Publication information
- Publisher: Marvel Comics
- First appearance: As Buzz Baxter: Miss America Comics #2 (Nov. 1944) As Mad Dog: The Defenders #125 (Nov. 1983)
- Created by: Stuart Little (writer) Ruth Atkinson (artist)

In-story information
- Alter ego: Robert "Buzz" Baxter
- Species: Human mutate
- Team affiliations: Roxxon Oil Secret Empire Mutant Force United States Air Force
- Abilities: Enhanced senses and physical abilities Neurotoxic bite

= Mad Dog (Marvel Comics) =

Mad Dog (Robert "Buzz" Baxter) is a character appearing in American comic books published by Marvel Comics. Originally introduced in 1944 as a supporting character of Patsy Walker, Baxter became the dog-like supervillain Mad Dog in the 1983 series The Defenders.

==Publication history==

Buzz Baxter's first appearance was in Miss America Comics #2 (1944), as the boyfriend of Patsy Walker. He continued to appear as a supporting character of Patsy until her comic was cancelled in 1965. He reappeared, alongside Patsy, in Amazing Adventures #13 (Jul. 1972) and made occasional appearances afterwards. He was revamped as the villain Mad Dog in The Defenders #125 (Nov. 1983).

Mad Dog was killed off in the Spider-Man storyline "Hunted", in which he was captured and hunted down alongside many other animal-themed characters.

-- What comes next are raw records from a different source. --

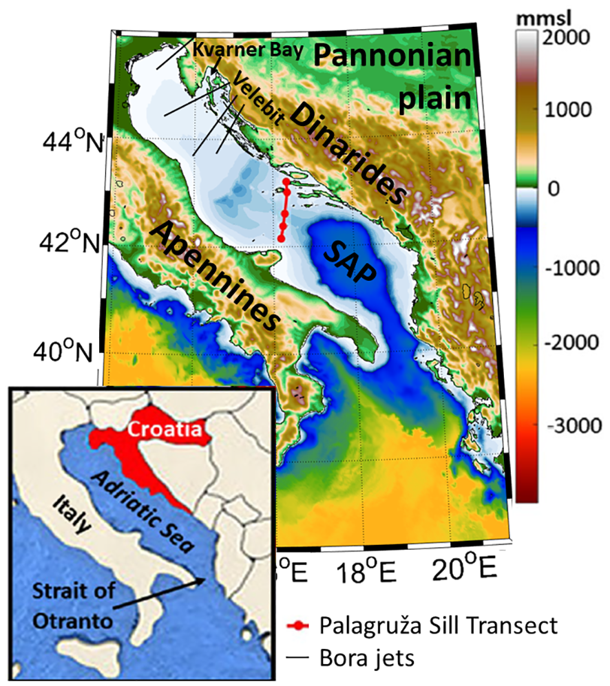 AdriSC WRF 3-km domain and topography, AdriSC ROMS 1-km domain and bathymetry, along with geographical features of the region – Apennines, Dinarides, Pannonian plain, Velebit Mountain, Kvarner Bay and Southern Adriatic Pit (SAP). Palagruža Sill Transect is presented in red, along with bora jets presented as black lines.
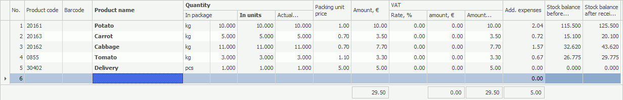 | Nr. | Nazwa | Cena, € | Ilość | Razem, € | Współczynnik | Dodatkowe koszty, € |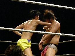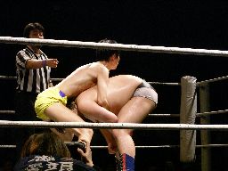 ディーノ母(from広島)キター!まずは張り手一発(左写真)。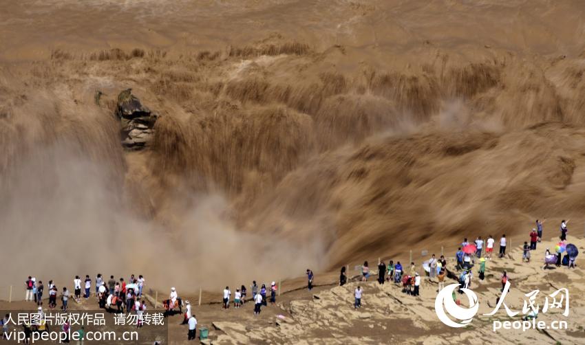 このほど、上流での強い雨の影響により、黃河主流の晉陝峽谷は水位が上昇。山西省吉県の壷口瀑布は水量が増大して、大きな滝と小さな滝が一つに連なり、特大滝となって勢いよく水が流れ落ちる壯大な景観が出現(xiàn)し、大勢の観光客や寫真愛好家たちをこの地に呼び込んでいる。(編集KS)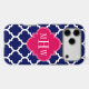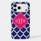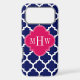 Navy Wht Moroccan #5 Raspberry 3 Initial Monogram
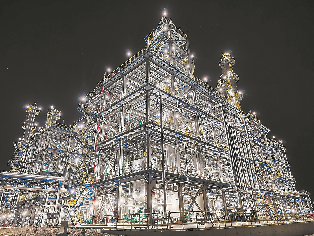 岁序更迭,万象更新。在位于福建古雷石化基地的福化鲁华项目现场,一座62米高的预脱重塔很是引人注目(上图)。中心控制室内,工作人员紧盯屏幕监控生产。一粒粒白色、黄色的晶状物质刚从生产线产出,就被安排交付使用。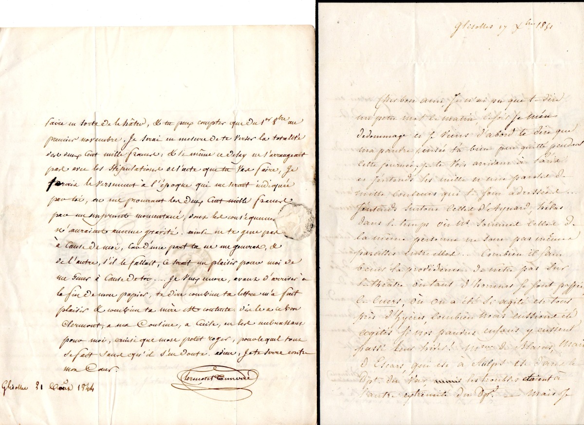 Joint pièce signée par Gaspard de CLERMONT-TONNERRE, 1er duc de Clermont-Tonnerre et maréchal de France (1688-1781) ; 8 pages manuscrites " Projet de lettre à madame la marquise de Clermont-Tonnerre " datée de 1825 ; acte canonique de 1844 ; portrait gravé d'Anet de Clermont-Gessans.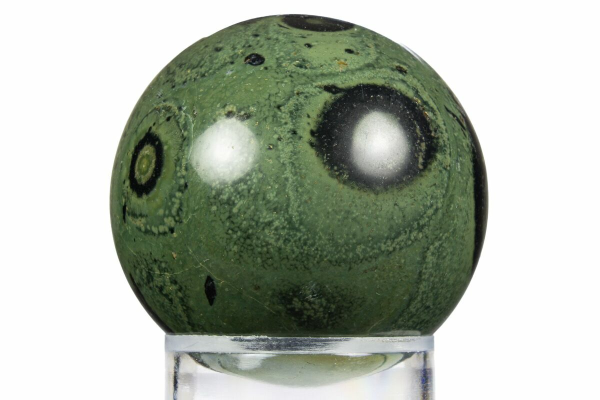 This is a beautiful hand polished sphere made from kambaba jasper found in Madagascar. It is 1.7" wide and has dark circular mineral formations throughout the green matrix.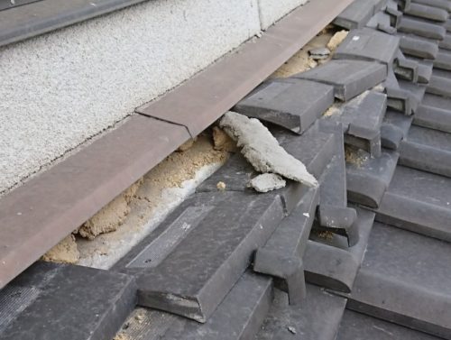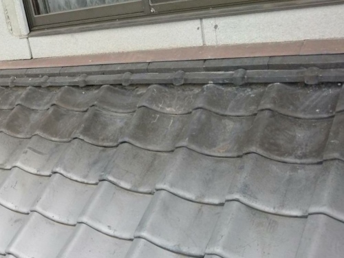 福山市で台風による強風で落ちた袖瓦(屋根の端部の瓦)の葺き直し工事事例です。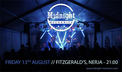 NERJA – De band Midnight Mechanics treedt vrijdagavond 13 augustus op bij Fitzgerald’s Bar, op de hoek van park Verano Azul onder het pand van de SuperSol supermarkt in Nerja.

==Fictional character biography==
Robert "Buzz" Baxter was born in Centerville, California. He and Patsy Walker are high school sweethearts, and marry shortly after graduation. After high school, Baxter joins the USAF, serving in the Vietnam War and eventually acquiring the rank of colonel.

Baxter allows the company Roxxon to experiment on him and mutate him. As Mad Dog, he becomes a mercenary and a leading member of Mutant Force. The members of Mutant Force attack the wedding of Daimon Hellstrom and Patsy Walker, but are defeated and placed in S.H.I.E.L.D. custody. Mad Dog has also been an agent of the Secret Empire.

Mad Dog makes a minor appearance in the "Hunted" storyline, where he is among the animal-themed superhumans who are captured for Kraven the Hunter's Great Hunt. When the Great Hunt begins, Mad Dog is shot to death by one of Arcade's Hunter-Bots. Following his death, Mad Dog ends up in Hell, where he becomes a servant of Blackheart.

==Powers and abilities==
Mad Dog gained superhuman powers as a result of bionic engineering and cellular augmentation by Roxxon and the third Secret Empire. He was given a dog-like appearance with pointed ears, claws, and fur on his limbs and torso. Mad Dog possesses superhuman strength, durability, and senses, particularly hearing and smell. He can generate a foaming chemical poison from his mouth that induces paralysis if it enters the bloodstream.